Bradbury returns to the theme of an extremist outlier taking revenge against conventional society, echoing the earlier appearance of Jeff Spender. Spender’s violence was direct, quick, cold, and withdrawn, while Stendhal’s cornucopia of murder is designed with ironic glee and evidently brings him great delight. Again, Bradbury takes a reasonable non-conformist opinion—the banning and burning of imaginative literature is unnecessary—and takes the application of it to a violent extreme, this time depicting the regress of the unbridled frontier into a conventional society which regulates even the borders of its own reality.

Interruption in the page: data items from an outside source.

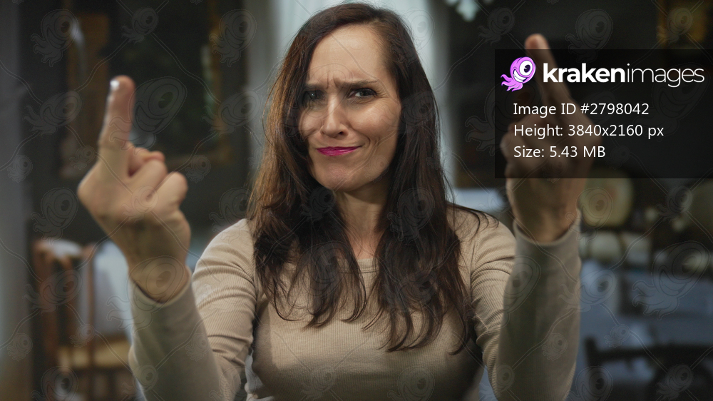 Young hispanic woman shows both middle fingers and smiles in a busy restaurant dining area; defiance sarcasm.
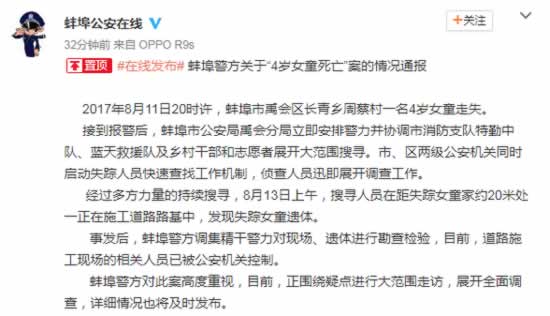 另据蚌埠警方:关于“4岁女童死亡”案的情况通报
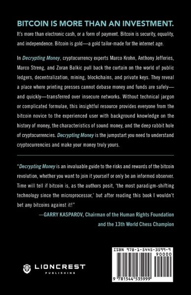 Bitcoin is more than an investment. It's more than electronic cash, or a form of payment. Bitcoin is security, equality, and independence. Bitcoin is gold-a gold tailor-made for the internet age. In Decrypting Money, cryptocurrency experts Marco Krohn, Anthony Jefferies, Marco Streng, and Zoran Balkic pull back the curtain on the world of public ledgers, decentralization, mining, blockchains, and private keys. They reveal a place where printing presses cannot debase money and funds are safely-and quickly-transferred over insecure networks. Without technical jargon or complicated formulae, this insightful resource provides everyone from the bitcoin novice to the experienced user with background knowledge on the history of money, the characteristics of sound money, and the deep rabbit hole of cryptocurrencies. Decrypting Money is the jumpstart you need to understand cryptocurrencies and make your money truly yours.
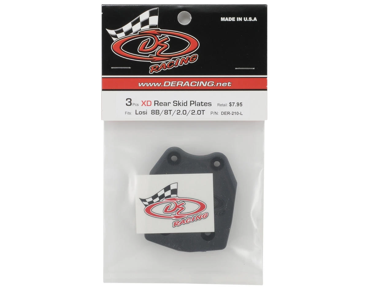 This is a set of three optional DE Racing XD “Extreme Duty” Rear Skid Plates, and are intended for use with the Losi 8ight family of 1/8 vehicles. The XD skid plates are the next step in the evolution of the DE Racing Skid Plate. With a re-designed leading edge and stronger screw countersinks the XD series skid plates are more durable than ever before! The ultra thin design eliminates the need for longer screws and the proprietary resin wears like aluminum, but at a fraction of the weight and price!
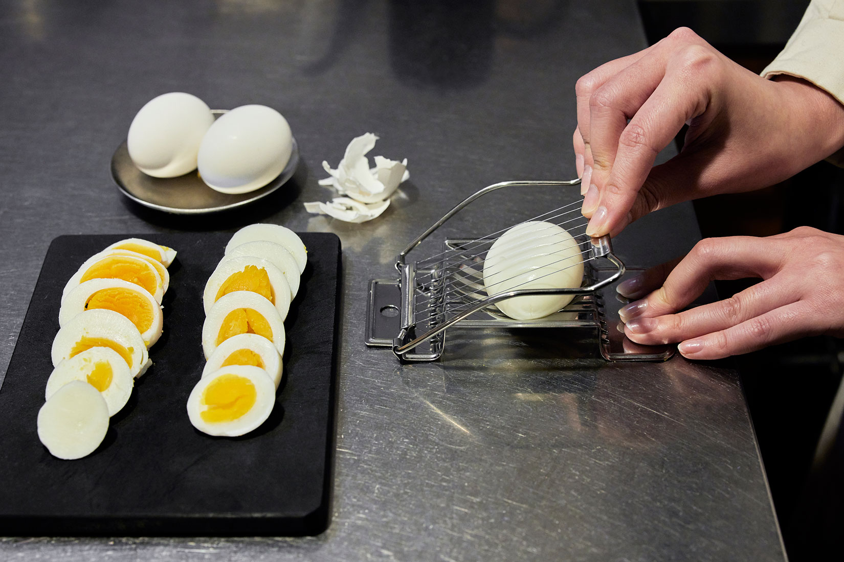 ステンレスのゆで卵カッター
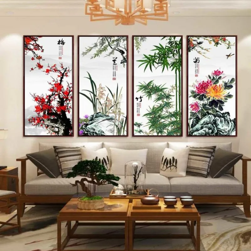 - Tranh được in trên chất liệu vải Canvas, mực dầu 6 màu nhập khẩu cho màu sắc trung thực và cực kỳ bền màu, không cần mặt kính bảo vệ, có thể vệ sinh bằng khăn ướt.
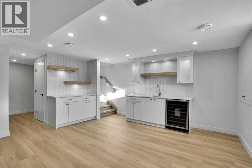 Welcome to 77 Ferncliff Crescent SE, a fully renovated bungalow located on a massive lot in the heart of Fairview, one of Calgary’s most established and desirable communities.This beautifully updated home offers 5 bedrooms and 3 full bathrooms with a thoughtful layout that suits families, investors, or multi-generational living. The main floor features 3 bedrooms, including a spacious primary retreat with a private ensuite, along with a second full bathroom.The main living area is bright and modern, highlighted by a sleek electric fireplace and designer accent walls throughout. The showpiece kitchen showcases custom cabinetry, a large island with waterfall countertops, and contemporary finishes that blend style with function.Downstairs, the fully finished basement includes 2 additional bedrooms, a full bathroom, a large living space with a second electric fireplace, and a stylish built-in bar, making it perfect for entertaining, guests, or extended family living.This home has been extensively upgraded from top to bottom with new windows, a new furnace, new hot water tank, fully upgraded plumbing and electrical, light-up heated mirrors in the bathrooms, a brand new garage door, and a fully upgraded exterior that adds to its curb appeal.Located on an oversized lot in a quiet, family-friendly location close to schools, shopping, transit, and major routes, this is a truly turnkey property offering modern living in a classic neighborhood.A rare opportunity to own a completely renovated bungalow in Fairview. (id:63190)
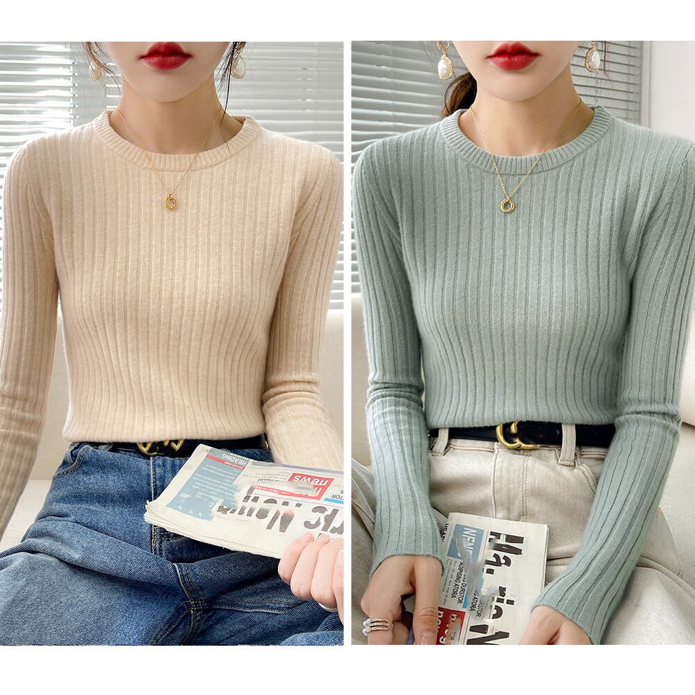 クルーネック ニットカットソー ベーシック 薄手ニット 着回し ニットプルオーバー 柔らかい ニットインナー 無地全9色
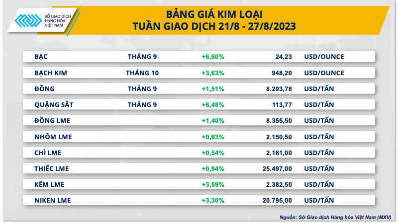 Trên thị trường kim loại, đóng cửa tuần giao dịch 21/8 – 27/8, tất cả các mặt hàng nhóm kim loại đồng loạt tăng giá. Đối với nhóm kim loại quý, giá bạc và bạch kim đứt chuỗi giảm 5 tuần liên tiếp, trong khi giá vàng lấy lại mốc 1.900 USD/ounce, chấm dứt chuỗi giảm 4 tuần liên tiếp. Cụ thể, giá bạc bứt phá 6,6% lên 24,23 USD/ounce, giá bạch kim tăng 3,63%, đóng cửa tuần tại mức 948,3 USD/ounce. Giá vàng lên mức 1.914,5 USD/ounce sau khi tăng 1,39%.
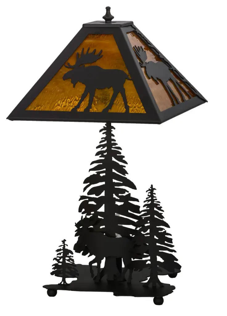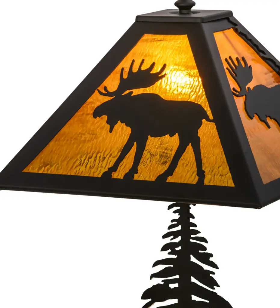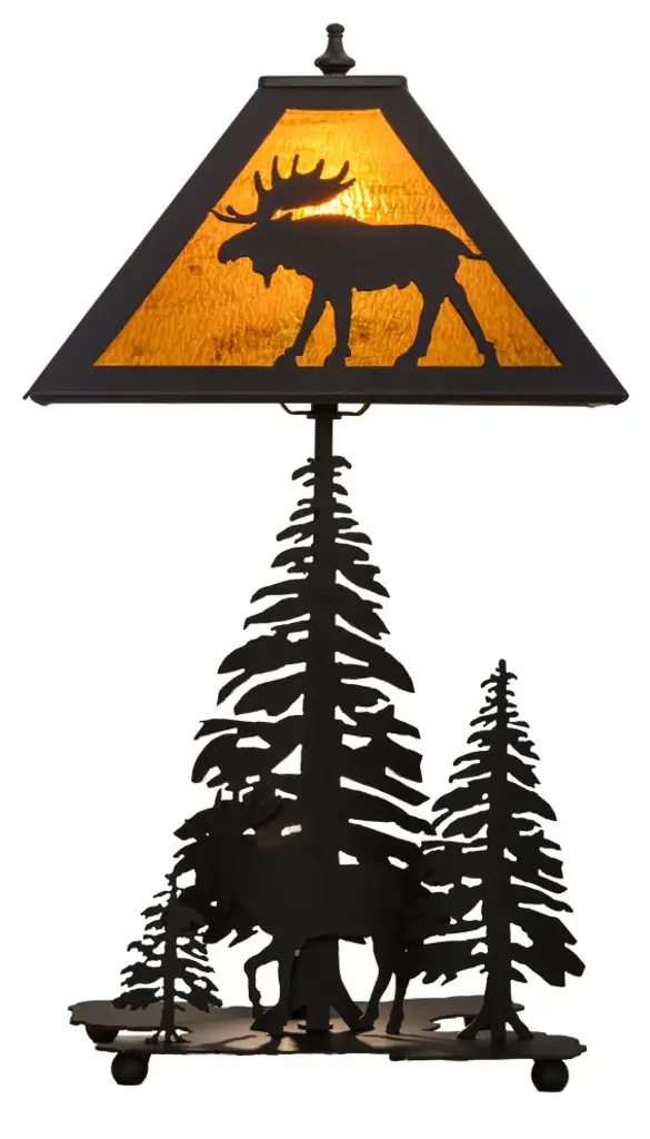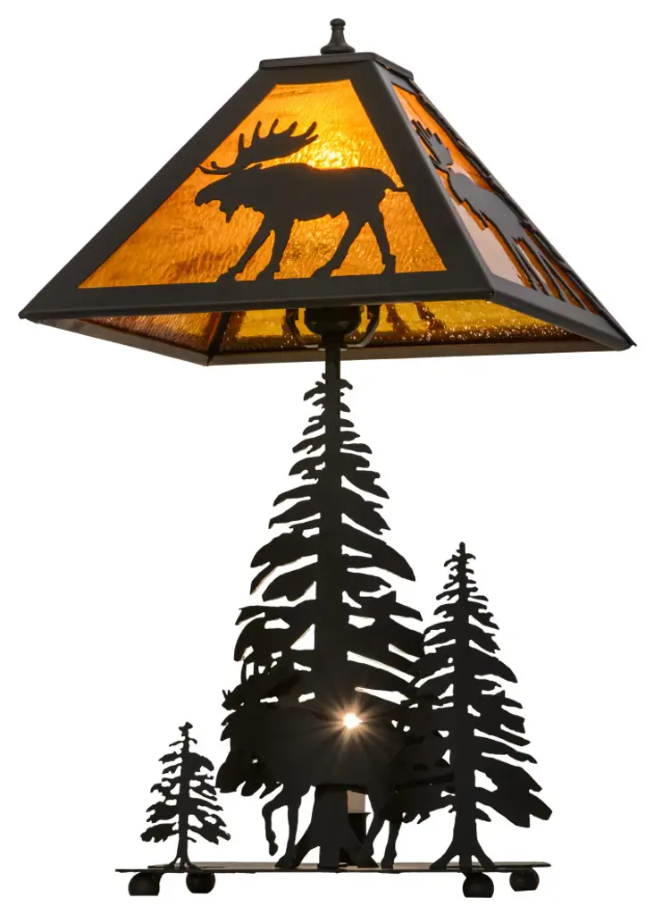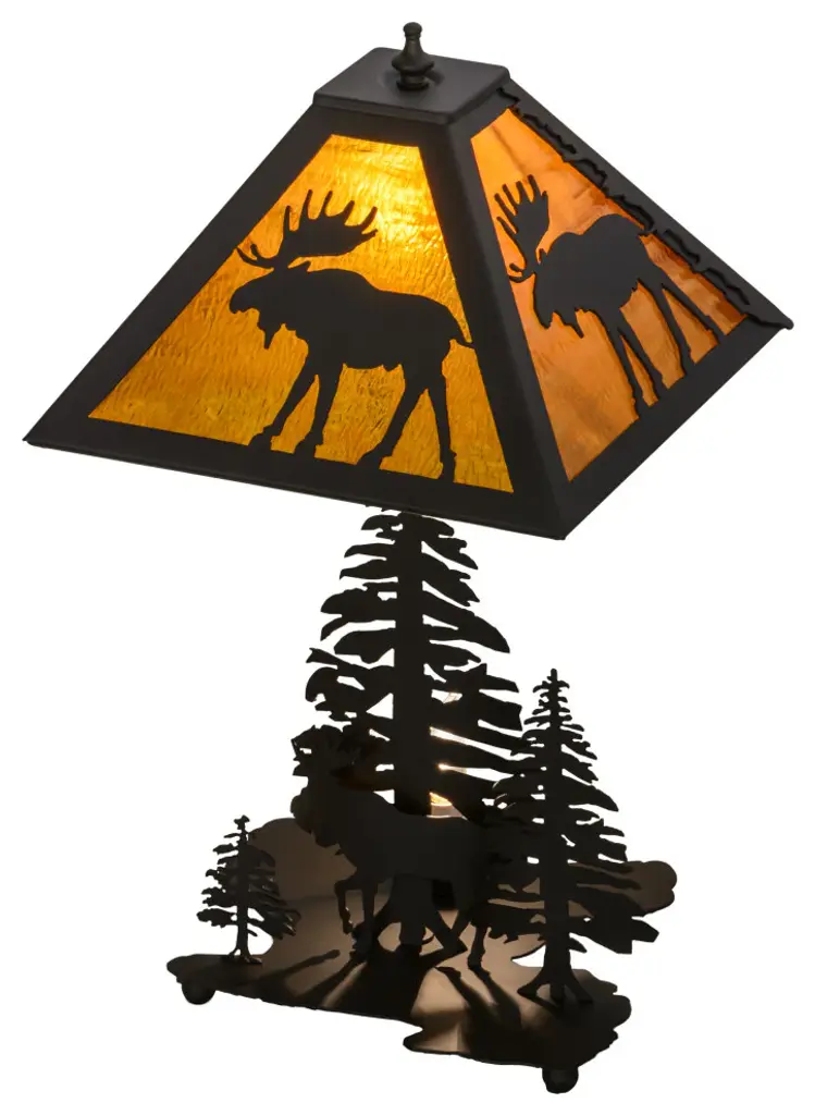 21h Moose Through The Trees W/lighted Base Table Lamp
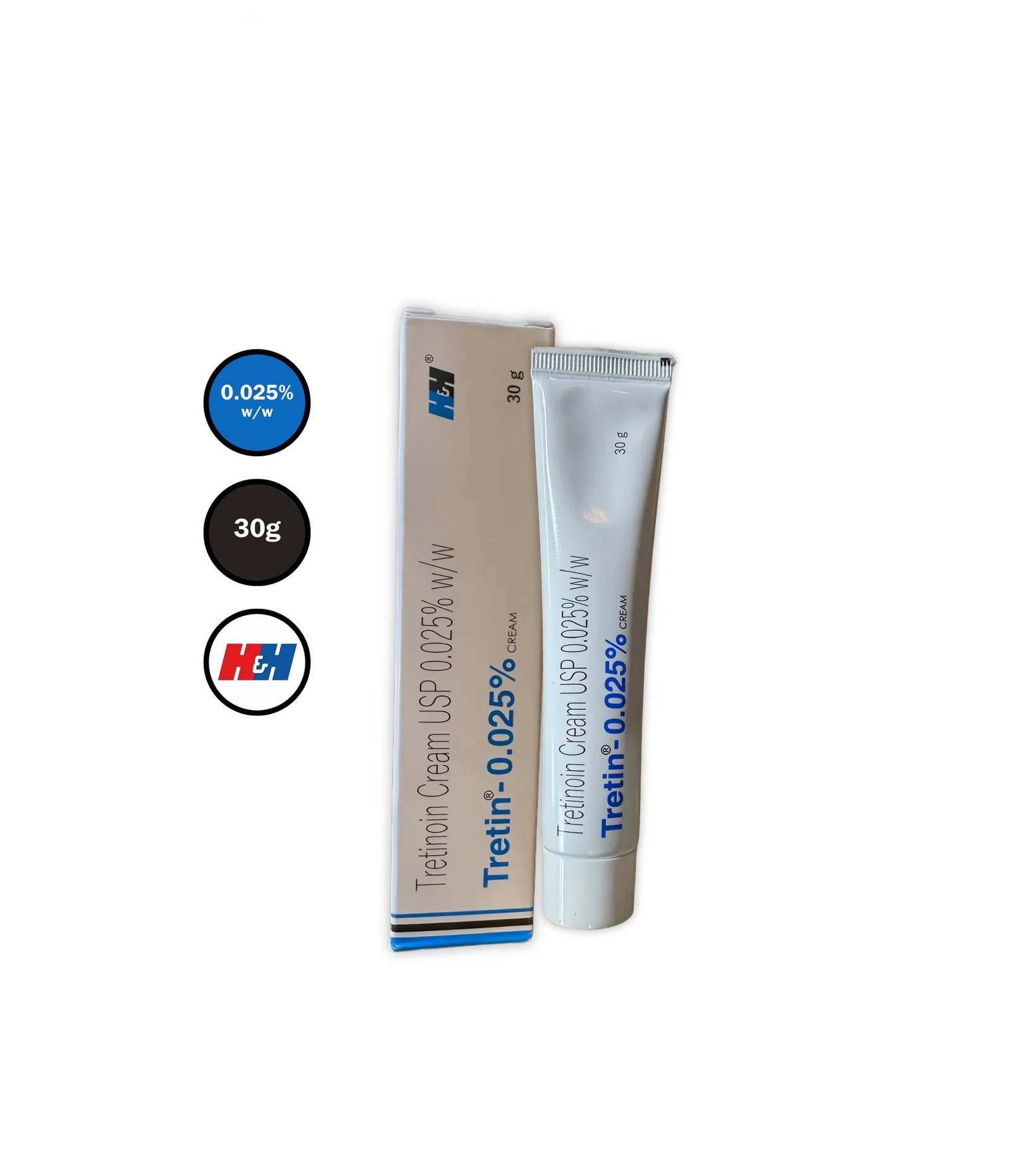 Tretinoin Cream USP 0.025%, Tretin 30g is a dermatologist-trusted formula that helps clear acne, reduce wrinkles, smooth rough skin, and fade dark marks with steady use.
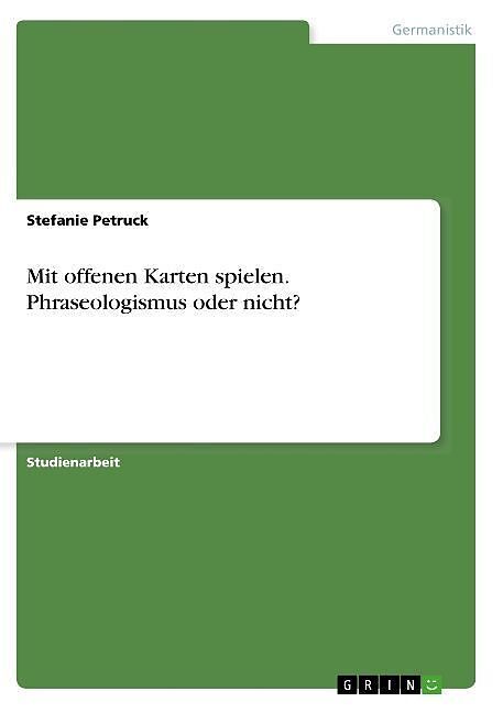 Studienarbeit aus dem Jahr 2013 im Fachbereich Germanistik - Linguistik, Note: 2,0, Universität Mannheim, Sprache: Deutsch, Abstract: Der Phraseologismus "mit offenen Karten spielen" ist ein feststehender Ausdruck, der regelmäßig in der deutschen Med...
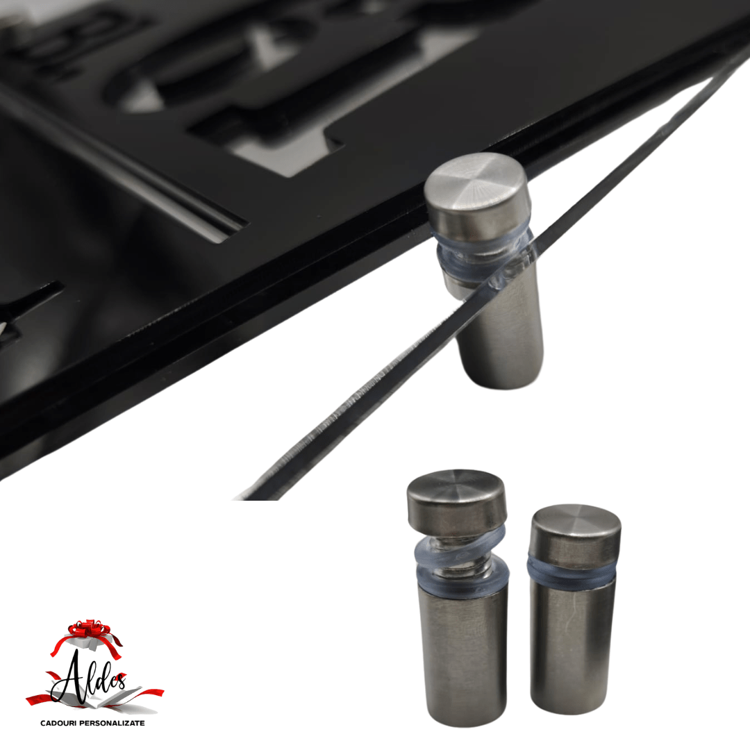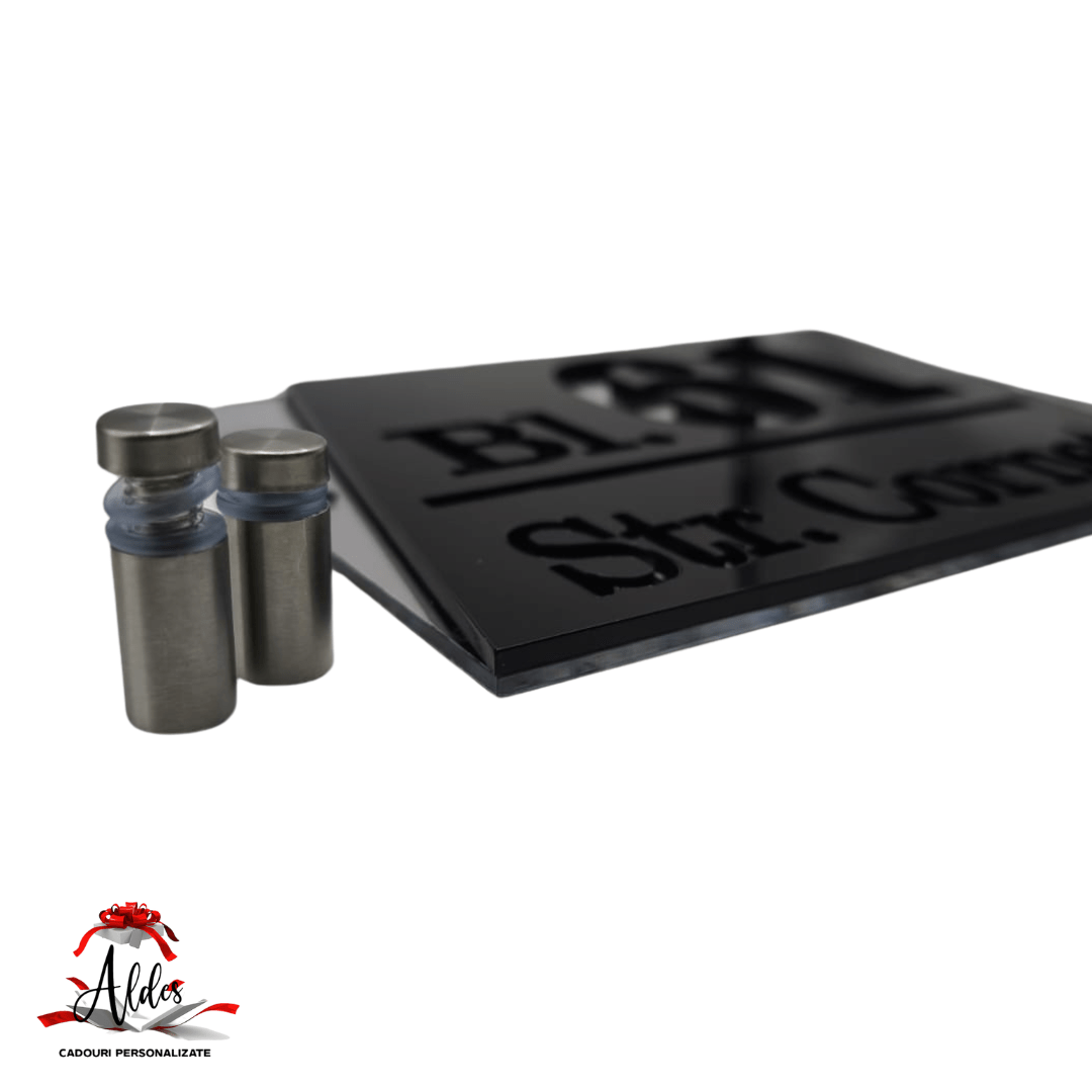 Placa „nume strada si numar bloc” cu suport de prindere in perete / usa de tip bolt-uri metalice.
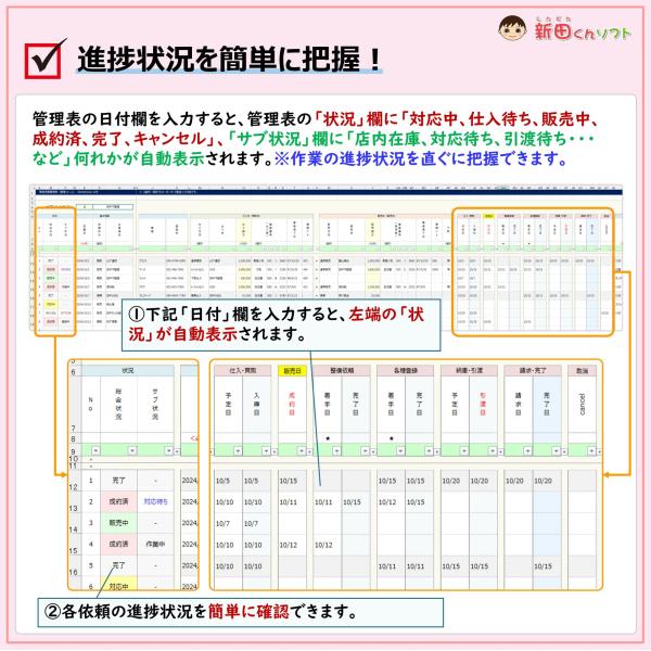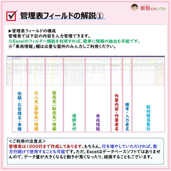 C05‐a1 車両売買管理ファイル(新車・中古車・販売・買取・追加作業)売買台帳 Excel 新田くんソフト

Bradbury’s sympathy runs closer to Stendhal, however, and he portrays his protagonist as undertaking a noble quest against governmental intervention in the arts. The message is simple for those who suggest that realism is the only important, or truthful, mode of literature; if those killed had an education in imaginative fiction, they could have prevented their own deaths. In other words, the dictates of rationalist realism are far too narrow to account for all the varieties of life. The deeper criticism is levelled at those who uphold laws of which they have no fundamental knowledge. The entire enterprise of building the house and murdering the unsuspecting guests seems directed at Garrett, so Stendhal can deliver this message to him: the unthinking application of law without experience is inherently destructive, and censorship causes more harm than good.